Hacker News new | ask | show | jobs
by ethanbond 4083 days ago
Interestingly enough, a low carbohydrate (often including a switch to artificial sweeteners) is a well-established treatment for childhood epilepsy.
2 comments

Really? Can you point to a source?

Many people with epilepsy and migraines have discovered different food triggers. In my case Aspartame was the leading trigger. Anyone who has seizures should seek out and eliminate potential triggers to see if it helps. I suppose a high carb diet could be a trigger for someone... I didn't have a high carb diet... but I know eliminating aspartame helped me.

I am still amazed how Donald Rumsfeld was able to influence its approval by the FDA.

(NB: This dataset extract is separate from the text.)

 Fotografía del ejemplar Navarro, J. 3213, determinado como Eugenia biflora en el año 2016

They're likely referring to a ketogenic diet. They were quite common in the past before anticonvulsant meds were created, and are still used in intractable cases today, particularly in pediatric care. There's lots of information out there about their use in epilepsy.

Some to get you started:

http://www.ncbi.nlm.nih.gov/pmc/articles/PMC2898565/

http://www.epilepsy.com/learn/treating-seizures-and-epilepsy...

http://www.mayoclinic.org/medical-professionals/clinical-upd...

Interesting - thanks.

[Edit] - The ketogenic diet is interesting. And I can see how some would want to substitute sugar for an artificial sweetener to help achieve a low carb diet. But given Aspartame is a known trigger for many types of seizures, it should be introduced carefully.

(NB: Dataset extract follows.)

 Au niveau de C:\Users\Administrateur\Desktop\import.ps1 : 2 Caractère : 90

Do you have a source re: aspartame and seizures? I did a cursory search and the only non-anecdotal thing I could find was a study[1] that showed there was no link in people who described themselves as sensitive.

[1] http://www.ncbi.nlm.nih.gov/pubmed/7614911

To add, most of the studies done on rats had "normal dosages" of aspartame for Humans not Rats. In other words the dosage was not relative to the rats mass it was relative to ours.

http://www.efsa.europa.eu/en/efsajournal/pub/2089.htm

Unfortunately I can't point to an official study - just many anecdotal claims from people like me. When you google, I am sure you will see many such claims - including the 'internet hoax'. (The internet hoax is unfortunate because it takes away credibility from the many anecdotal claims like mine that sincerely feel real. More carefully constructed studies should occur.)
That's tricky to evaluate, because you get the exact same narratives from people who claim sensitivity to glutamates, where we can be somewhat certain that there isn't a health connection.
The key thing to search for is "keto" or "ketogenic," the name for the high-fat, low-carbohydrate diet that puts you in a fat-burning state called ketosis.

- http://en.wikipedia.org/wiki/Ketogenic_diet

- http://www.ncbi.nlm.nih.gov/pmc/articles/PMC2898565/

- http://www.drperlmutter.com/study/dietary-treatment-adults-r...

The validity low carb diets is generally orthogonal to artificial sweeteners and probably should not be conflated.
Thus the phrase "often including..."

I wasn't attempting to disprove or contribute to his claims. Just to point out an interesting intersection of diet and seizures.

Can you give a source for aspartame/artificial sweeteners being often included with low carb diet for treating childhood epilepsy? It doesn't seem intuitive to me that a diet to treat such a disease would often include something like aspartame.
> It doesn't seem intuitive to me that a diet to treat such a disease would often include something like aspartame.

It's the avoiding carbs part that means they look to eat something sweet that isn't a carb. They don't prescribe aspartame; they just say don't leave ketosis.

Well a ketogenic diet is used to treat epilepsy, and artificial sweeteners don't generally conflict with ketosis. I didn't mean to imply artificial sweeteners are prescribed to epileptics. Maybe they're even specifically forbidden as well, I'm not sure.